General questions about coursework

If you have general questions about your coursework, you can go to a practical and ask your questions. The practicals on Monday (15:00 - 17:00, JKCC 2) and Tuesday (10:00 - 12:00, JKCC12) are fairly empty. (The first hour on Tuesday is supervised by Dr. Liu, second hour by Dr. Priss). There are also practicals on Wednesday and Thursday.

Printout for the coursework

When you print your source code and documentation, please, avoid using too much paper. Use small fonts and print two pages per page (and/or use both sides). As long as the text is readable without a magnifying glass, it will be ok. Remember to highlight the security part(s) with a pen.

Each team should only hand-in one copy of the code and documentation.

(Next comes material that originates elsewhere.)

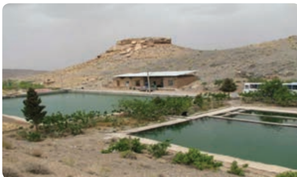
شکل ۳-۶- استخر پرورش ماهی

Marking Scheme for the coursework

You can reach a total of 45 points for the coursework. This is 50% of your final mark. The points will be distributed as follows:

Basic Search12 points
Advanced Search12 points
HTML: search screens, results pages8 points
parsing,cookie, security6 points
design and adherence to specification3 points
documentation, credits page4 points

Problems with Titan:

  • Internal Server Error
    If you edit your CGI files using a Windows editor, the first line of your file must end in "-w" ("#!/usr/local/bin/perl -w"), otherwise you will get a server error. This is because Unix does not like the Windows newline character after "/perl"; Unfortunately, some CGI scripts may not run with the "-w" option on Titan (see below).
  • No html pages or CGI scripts are viewable through browser
    For some reason C&IT seems to occasionally reset permissions. Go to your home directory (the one above public_html) and type chmod 711.
  • Slow response or no response on Titan
    Instead of the URL,, you can also view your files through This is processed through a different webserver which currently seems to work better. (Thanks to B. Laird for alerting me to this problem.) If you are editing your files on a Unix editor, you should leave the "-w" off the first line. (I.e. the first line should be "#!/usr/local/bin/perl"). Then most likely your scripts will work on Titan.

    Problems with Cookies

  • Cookies are turned off by default in IE in the JKCC. To turn them on go to Tools/Internt Options/Privacy/Advanced Settings

    Specific questions about the coursework

  • Parsing
    You can either parse the three text files once and store them in new files or you can parse them each time a user searches. But make sure that the parsing is done by Perl and does not involve any manual editing.
  • cat versus catalog, but versus butter
    A search for "cat" should not return "catalogue", a search for "but" should not return "butter". Use word boundaries (\b) to achieve this.
  • Underscores in the text
    You should take the underscores out of the original text file.
  • Dealing with "don't"
    There are some odd occurrences in the text file, for example, "don't" is printed as "do n't". Ignore this. I won't use such words to test your search.
  • Boolean Operators in basic search
    In the basic search, the operators from the form can directly be translated into Perl AND/OR/NOT.
    Operator Precedence: AND is stronger than OR. That means that "a AND b OR c" is the same as "(a AND b) OR c". For NOT: "a NOT b" is the same as "a AND NOT b".
  • Documentation/Help page
    The text of your documentation page (or help page) should be between 1 and 2 pages long when printed on A4 paper. In addition to that you should have 1 or 2 diagrams as specified in the coursework description.

    Expert Search

  • Boolean Operators in expert search

    Short answer: I apologize for the confusion about the expert search. If you think that your search does not correspond to any of the solutions I describe below (for example, if you don't allow a + for the first term), please, don't panic. These are minor details which do not have a major impact on the points for the coursework. I would recommend that you don't start making changes but instead mention in your documentation how your expert search works.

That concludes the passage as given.